Research & Papers

Deep ReLU networks beat curse of dimensionality with new approximation rates

New rates for anisotropic Besov functions achieve O((WL)^{-2\tilde{s}}) without dimension penalty

Deep Dive

A new paper by Yunfei Yang and Jun Fan (arXiv:2605.31152) tackles a fundamental challenge in deep learning theory: how efficiently deep ReLU networks can approximate and learn high-dimensional functions with varying smoothness across dimensions. Standard approximation rates suffer from the curse of dimensionality, where error scales poorly with input dimension d. The authors extend previous results for isotropic Besov spaces to anisotropic and mixed smooth function classes, proving that deep ReLU networks achieve rates independent of d when the mean smoothness or mixed smoothness is sufficiently high.

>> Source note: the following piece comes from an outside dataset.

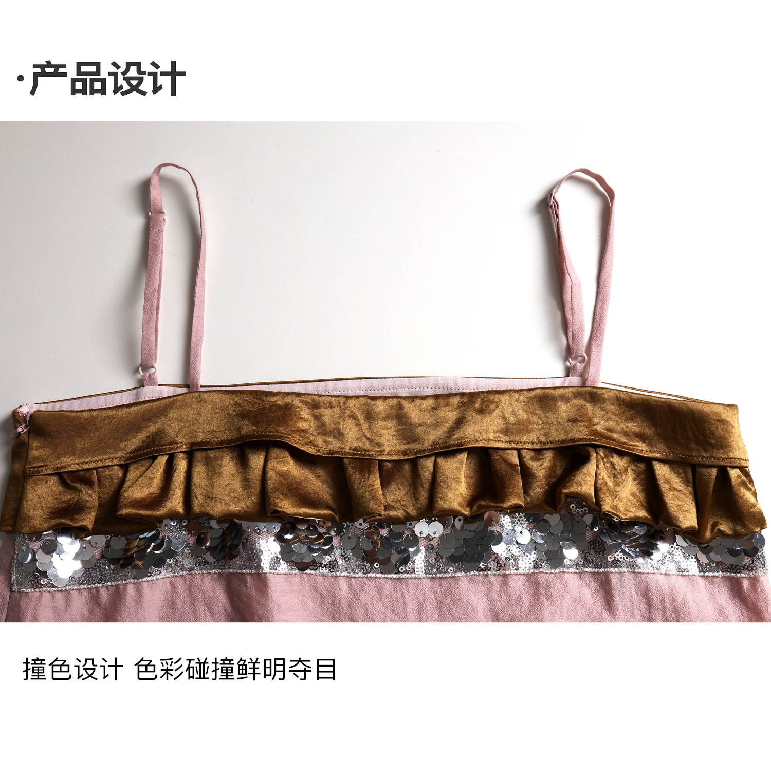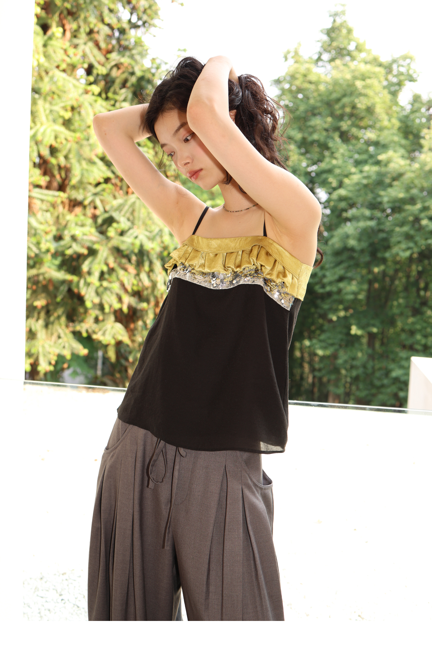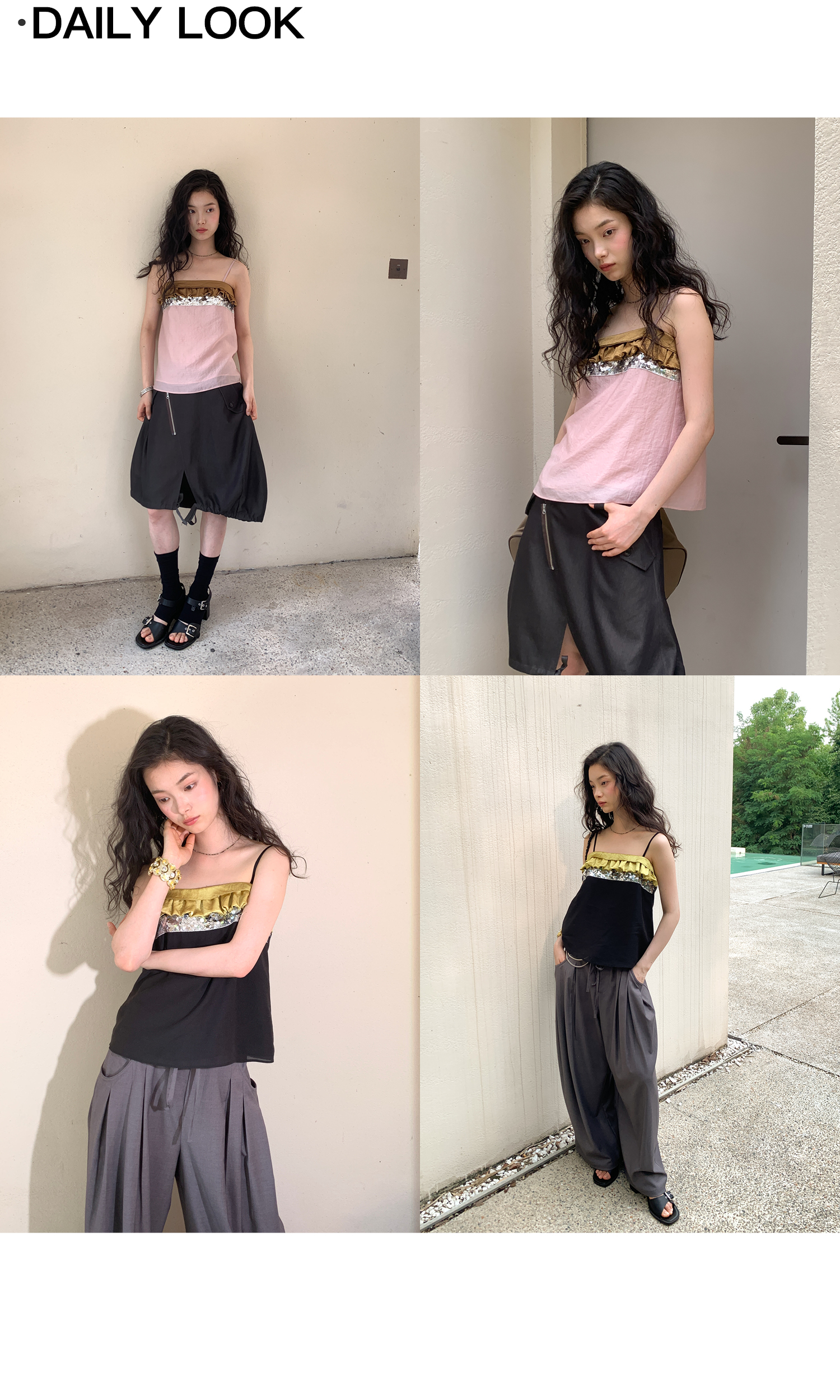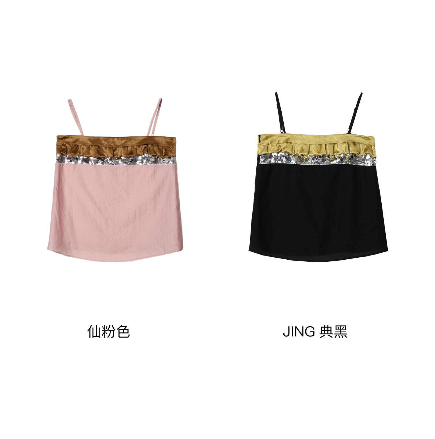素舶 醋酸混纺光泽感透气撞色亮片织带吊带背心

For anisotropic Besov spaces, they establish a rate of O((WL)^{-2\tilde{s}}) where \tilde{s} is the harmonic mean of the directional smoothness parameters. This means networks with width W and depth L can approximate functions that are smoother in some directions than others without exponential penalties. For mixed smooth Besov spaces (functions with dominating mixed derivatives), they achieve O((WL)^{-2s}) up to logarithmic factors. As an application, they show these bounds lead to minimax optimal learning rates for a variety of smoothness classes, providing a theoretical foundation for why deep ReLU networks excel on real-world data that often has anisotropic smoothness (e.g., images, time series).

Key Points
  • Proved approximation rate O((WL)^{-2\tilde{s}}) for anisotropic Besov spaces, where \tilde{s} is harmonic mean of directional smoothness
  • Achieved rate O((WL)^{-2s}) for mixed smooth Besov spaces, overcoming curse of dimensionality
  • Deep ReLU networks can achieve minimax optimal rates (up to log factors) for broad classes of smooth functions

Why It Matters

Validates deep ReLU networks as theoretically optimal for high-dimensional data with uneven smoothness—critical for computer vision and scientific computing.